The Organization of Petroleum Exporting Countries also resisted calls to cut supply, signaling it would fight to maintain market share. Venezuela wants OPEC to discuss steps to halt price fluctuations, according to Oil Minister Asdrubal Chavez.
“We’re seeing signs that the market is beginning to give greater weight in its pricing to the likelihood that shale oil production in the US will be cut over coming months,” Ric Spooner, a chief strategist at CMC Markets in Sydney, said. “Whether the market can move past last week’s high of $54.24 for West Texas will probably be the next clue as to whether this dynamic can continue to push things higher.”
WTI for March delivery was at $51.82 a barrel in electronic trading on the New York Mercantile Exchange, up 13 cents, at 3:45 p.m. Singapore time. The contract climbed $1.21 to $51.69 on Feb. 6.

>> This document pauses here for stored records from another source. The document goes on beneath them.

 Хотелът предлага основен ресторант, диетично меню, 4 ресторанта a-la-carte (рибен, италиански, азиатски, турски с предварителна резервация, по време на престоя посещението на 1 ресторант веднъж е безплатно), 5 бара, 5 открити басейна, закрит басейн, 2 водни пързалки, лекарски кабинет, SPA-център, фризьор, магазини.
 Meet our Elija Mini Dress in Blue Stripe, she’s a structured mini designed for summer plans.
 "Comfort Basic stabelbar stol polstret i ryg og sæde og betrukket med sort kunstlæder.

The volume of all futures traded was about 51% above the 100-day average.
Brent for March settlement was 15 cents lower at $57.65 a barrel on the London-based ICE Futures Europe exchange. It increased $1.23 to $57.80 on February 6. The European benchmark crude traded at a premium of $5.82 to WTI.
The total US rig count has shrunk by a record 435 in nine weeks, according to Baker Hughes. The drop of 37 at the Permian Basin, the nation’s largest oil field, was the steepest since the services company began reporting basin-by-basin counts in February 2011.

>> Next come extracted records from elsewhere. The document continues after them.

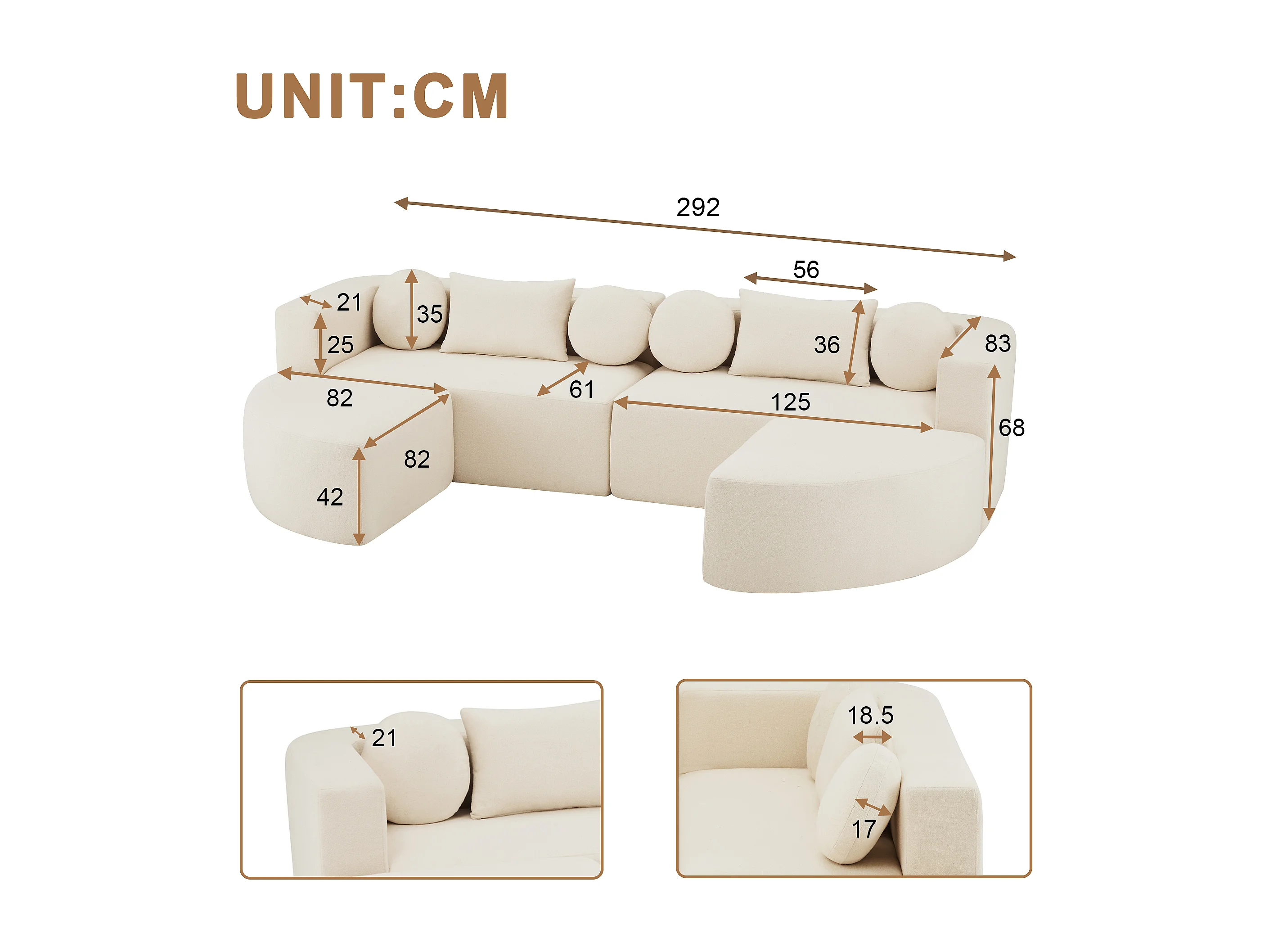 Canapé modulable nuage avec fonction couchage - 292 x 165 x 68 cm - aucun assemblage requis - chenille - beige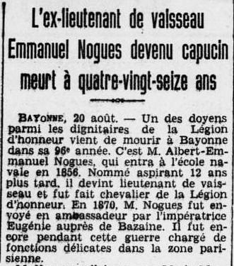Décédé le 18 août 1934 à BAYONNE (Pyrénées Atlantiques)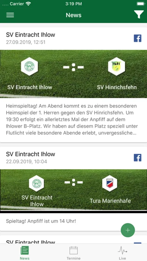 Durch die Einbindung sozialer Netzwerke kannst du das Geschehen im Verein brandaktuell mitverfolgen.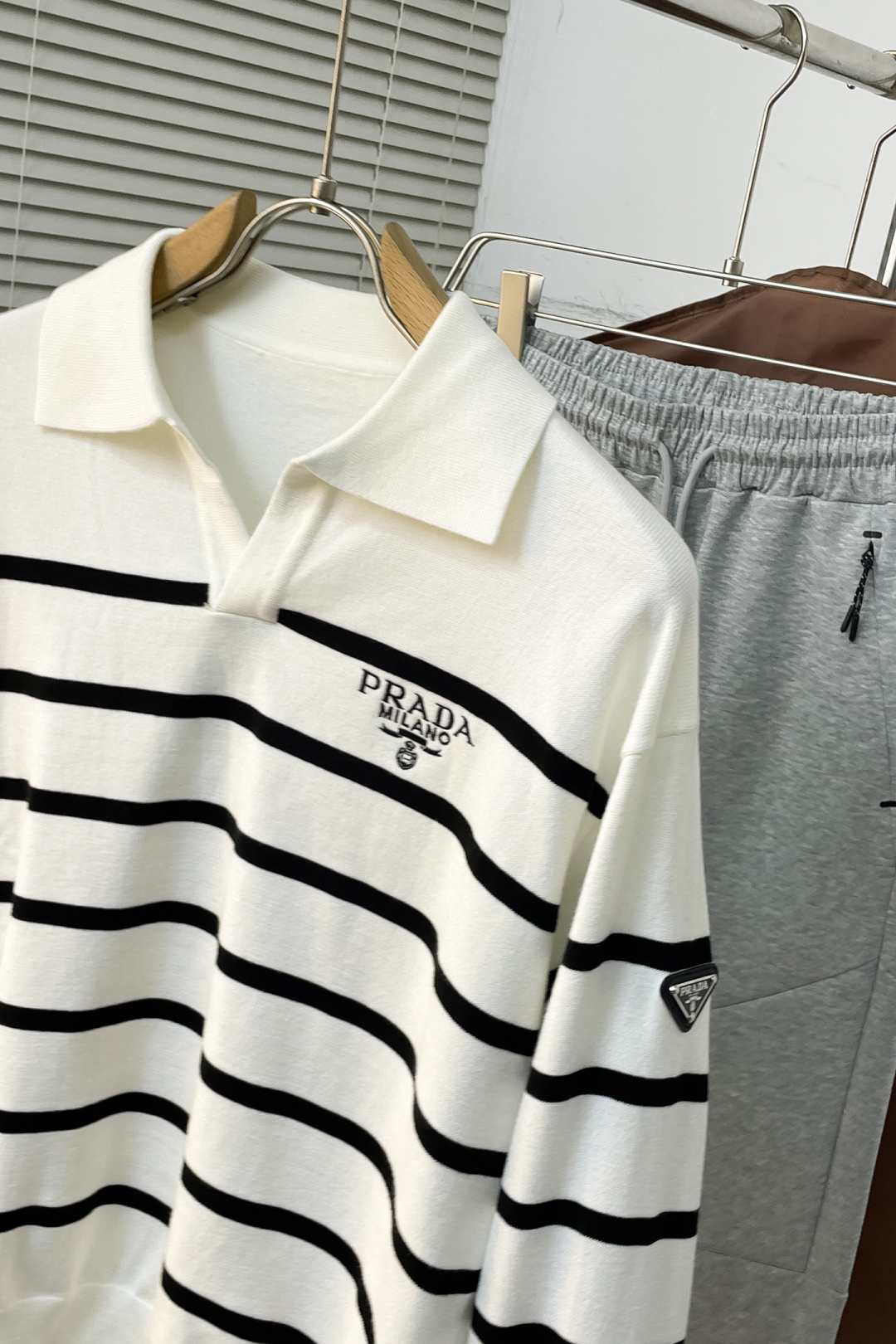 這款衣服是AAAAA 1:1 質量(非常棒). 使用了和原版一模一樣的材料. 商標部分也保持了和普拉達/Prada一樣. 圖片拍攝是實物衣服拍攝, 您所收到的實物保證和我們圖片一模一樣.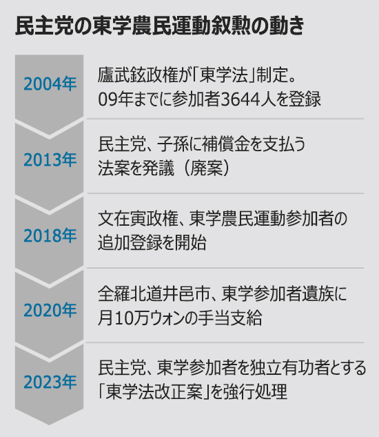 野党側はこれまで、「反乱軍の子孫」を「革命軍の子孫」として名誉回復する趣旨だとして、盧武鉉(ノ・ムヒョン)政権時代から東学農民運動関連の法律を作ってきた。盧武鉉政権は2004年に東学法を制定し、東学農民運動参加者・遺族の登録申請を受け付けた。申請は低調で、06年には法律を改正して遺族の範囲を「高孫子女(やしゃご)」にまで拡大した。独立有功者の場合、遺族は「孫」までなのに、破格の範囲拡大を行ったのだ。民主党は13年には、東学農民運動参加者子孫に独立有功者と同水準の補償金を支払う法案も発議した。文在寅(ムン・ジェイン)政権時代では、09年に終了した東学革命参加者および子孫の登録事業を9年ぶりに再開した。全羅北道井邑市は2020年から、東学農民運動参加者遺族に毎月10万ウォン(現在のレートで約1万1000円)ずつ手当を支払っている。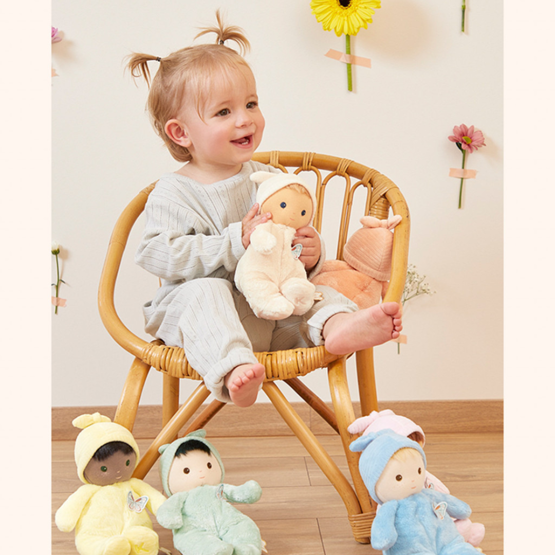 Mød Baby Jasmine, en kærlig og poetisk stofdukke skabt til at give tryghed, nærvær og bløde kram fra barnets allerførste dage. Hun er designet som en rolig og sanselig ven, der hurtigt bliver en fast del af både leg og putterutiner.
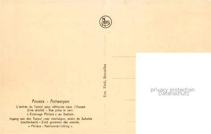 Anvers_Antwerpen Entree du Tunnel pour vehicules sous l’Escaut Vue prise le soir Anvers Antwerpen postalisch nicht gelaufen 1921-1965 Erhaltung siehe scans [WerneD78] WernPID7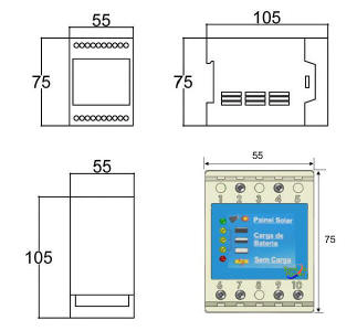 Regulagem automática de tensão com proteção: Circuito de Proteção e Anti-Falha: O circuito do controlador protege da sobrecarga e sobre-descarga, evitando danos a bateria e ao sistema. Regula a tensão de entrada dos painéis solares na tensão de trabalho do sistema.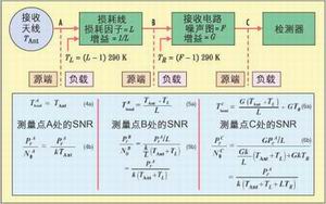 比較方程4~6中圖3的關系與方程10~12中圖4的關系可發現,前者隨著從A點移動到C點,信噪比的下降反映了實際測量結果。另一方面,后者從A''點到C''點,系統Pr/N0比保持固定,反映了一個在接收系統中各個選擇點產生系統(預檢波)信噪比的模型。這種模擬的預檢波SNR可表述在接收系統中的任何參考點處。在模型中,即使信號功率和系統溫度在接收系統中的各個位置互不相同,系統中任何選定參考點處的系統Pr/N0比(其中N0 = kTS)仍然是相同的。

The lower rig count is “helpful” as a bigger share of the reduction was from more-productive horizontal facilities, Morgan Stanley said in an e-mailed report on February 9. The decrease “does not mean a steep decline in production is imminent” during the first half of this year, Barclays Plc said in a separate note.

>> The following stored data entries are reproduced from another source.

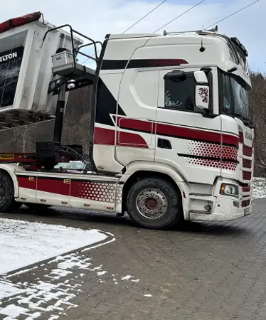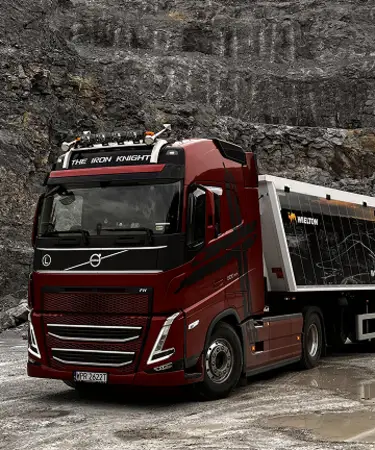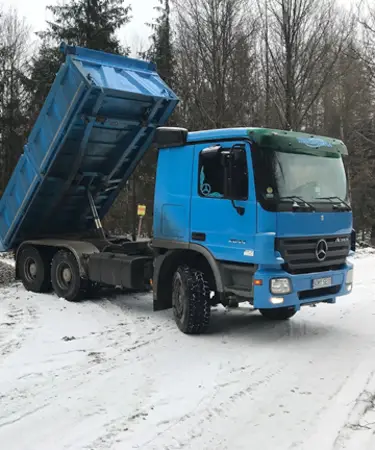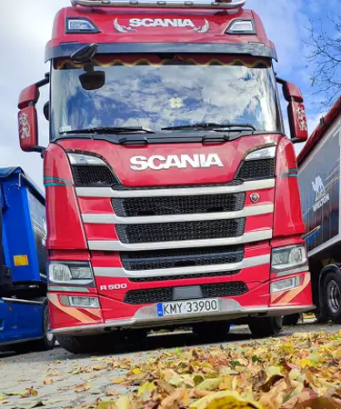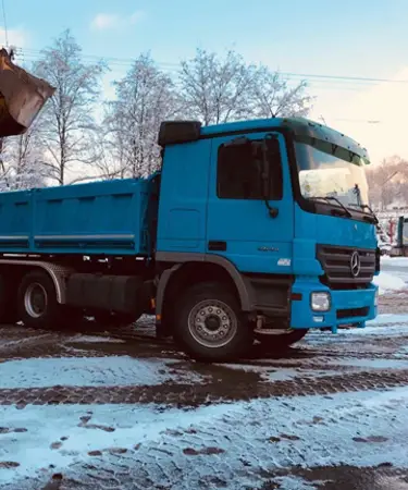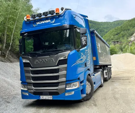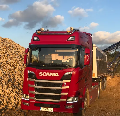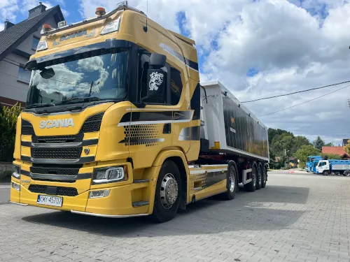 Posiadamy osiem ciągników siodłowych z naczepami samowyładowczymi o kubaturze od 32 m³ do 38 m³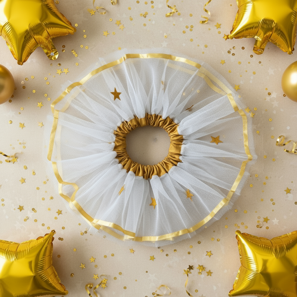 🎁 Kit Completo Feminino: Body Personalizado Refletivo + Tênis com Glitter + Saia Tutu Dourada + Laço Branco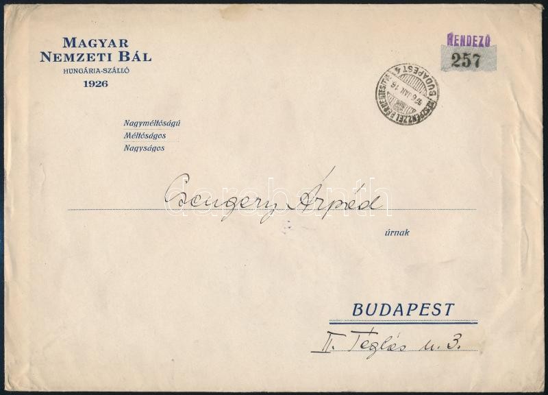 1926 Bp., Meghívó a Magyar Nemzeti Bálra, borítékkal
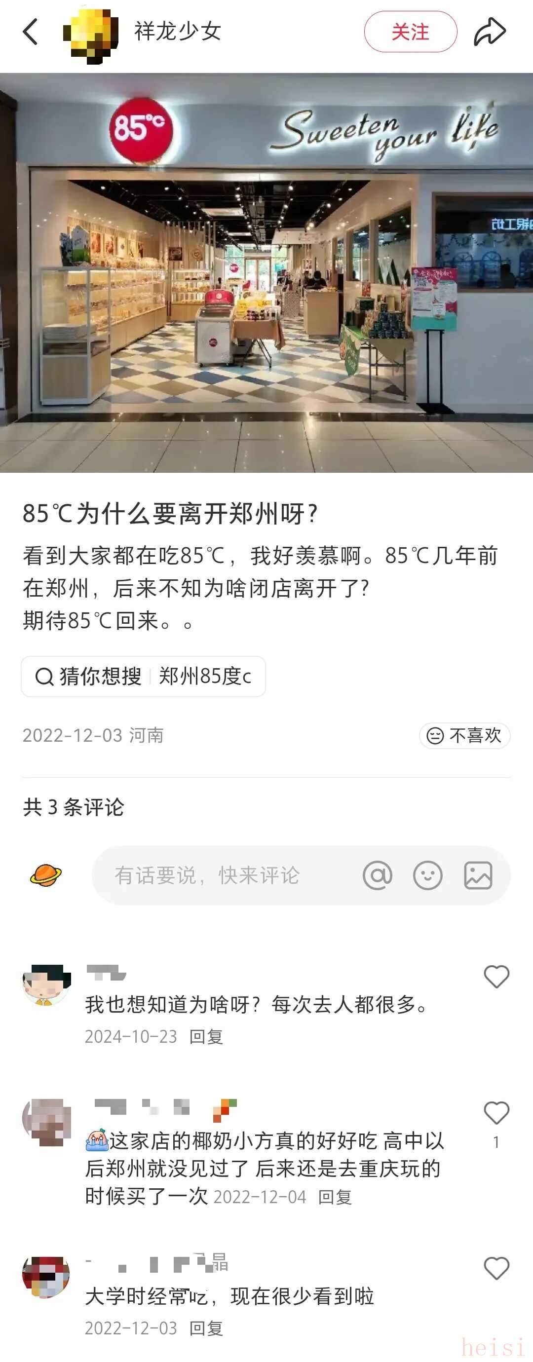 最近杭州、上海好幾家85度C關(guān)門了,消息傳到鄭州,不少老顧客這才想起來,這個當(dāng)年火過的臺灣烘焙店,早在2016年就從鄭州沒了,二七廣場那家首店開張時人擠人,現(xiàn)在連外賣軟件上都找不著影兒。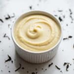 A close-up of a single layer of thick, creamy pale yellow puree with a smooth and swirled texture placed inside a white bowl with a subtle ridged pattern. The bowl sits on a white marbled surface scattered with small pieces of dark dried leaves around the bowl. Photo taken with an iphone --ar 4:5 --v 7

The US oil boom has been driven by a combination of horizontal drilling and hydraulic fracturing, which has unlocked supplies from shale formations including the Permian and Eagle Ford in Texas and the Bakken in North Dakota.
United Steelworkers will resume talks on a national labor contract for 30,000 oil workers on February 10, said two people with knowledge of the negotiations. The union, which went on strike at nine sites on February 1, is representing employees of more than 200 refineries, fuel terminals, pipelines and chemical plants.
Royal Dutch Shell Plc, which made six offers previously, is bargaining on behalf of companies including Exxon Mobil Corp. and Chevron Corp. BP is operating its refineries in Whiting, Indiana and Toledo, Ohio with replacement workers, Scott Dean, a Houston-based company spokesman, said in an e-mailed statement.
OPEC alone can’t maintain “reasonable prices” and cooperation with producers outside of the group is necessary, Venezuela’s Chavez said in a statement.
Venezuela was among OPEC members that called for a production cut at their November 27 meeting. The 12-member group, which supplies about 40% of the world’s oil, decided to maintain its collective quota at 30 million barrels a day. Output averaged 30.9 million a day in January, exceeding the target for an eighth straight month, according to data compiled.
The CBOE Crude Oil Volatility Index, which measures price fluctuations using options of the US Oil Fund, closed as high as 63.14 last week, the most since April 2009.
In China, crude imports fell to 27.98 million metric tons in January, data from the Beijing-based General Administration of Customs showed on Sunday. That’s equivalent to 6.62 million barrels a day, down 7.9% from a record high of 7.19 million a day in December.